Monday, 3 March 2025

John Bateman Misrepresenting How LLMs Function

this will be the *one and only time* (probably!) that I will engage with any of the content in the (alleged) ChatGPT posts and this will be for the sole purpose of displaying the usual properties that they necessarily have as a consequence of training. And that is to exhibit plausibility (with respect to the landscape formed by their training and fine-turning) rather than truth claims or even argument.

So, purpose: if folks read any of the generated posts, it is advisable *not* to read them for 'content' but to consider which (internal) landscape they are being produced within.


Blogger Comments:

[1] To be clear, here Bateman is being disingenuous, for if he believed the posts were not really ChatGPT-generated, everything he says about them would be irrelevant.

[2] This is misleading, as ChatGPT explains:

This is a core misrepresentation of how language models function:

✅ Yes, AI generates plausible text based on patterns in training data.
❌ But that does not mean its outputs are automatically devoid of truth or argument.

  • Bateman collapses plausibility and meaning-making, implying that AI-generated text can only be stylistically plausible but never logically valid.
  • This is an epistemic sleight of hand: if you accept this framing, then any valid point the AI makes is automatically dismissed before it can even be examined.
  • He dodges evaluating the actual content of AI responses by declaring that their nature makes them unworthy of such evaluation.

This is circular reasoning:

  • AI-generated text cannot make truth claims or arguments.
  • Therefore, any AI-generated text does not contain truth claims or arguments.
  • Thus, we don’t need to evaluate them as truth claims or arguments.

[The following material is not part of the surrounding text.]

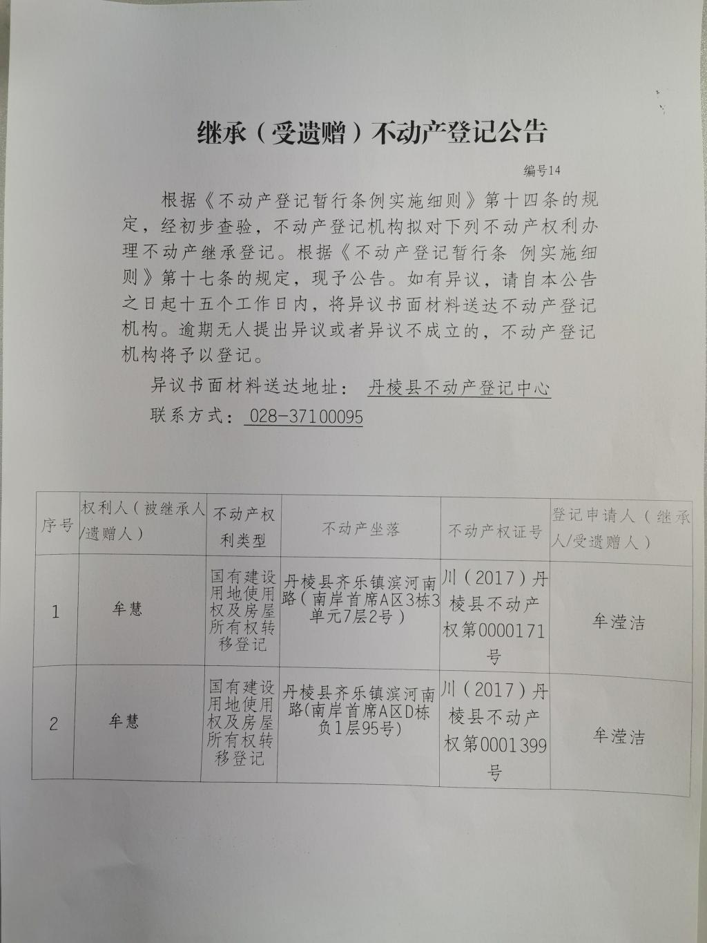 继承(受遗赠)不动产登记公告(牟滢洁)

This isn’t a critique—it’s a refusal to engage masquerading as analysis.

[3] This is misleading, as ChatGPT explains:

This is an explicit instruction to ignore meaning: he tells the audience to avoid engaging with the arguments and instead focus on where they supposedly come from. It shifts the discussion away from evaluating the ideas themselves and toward questioning their origins—a textbook genetic fallacy. By framing the AI as speaking from a pre-shaped “landscape,” Bateman reinforces the illusion of a hermetically sealed ‘Chris Cléirigh’ bubble—even though AI responses are generated dynamically, not from a static localised sub-model.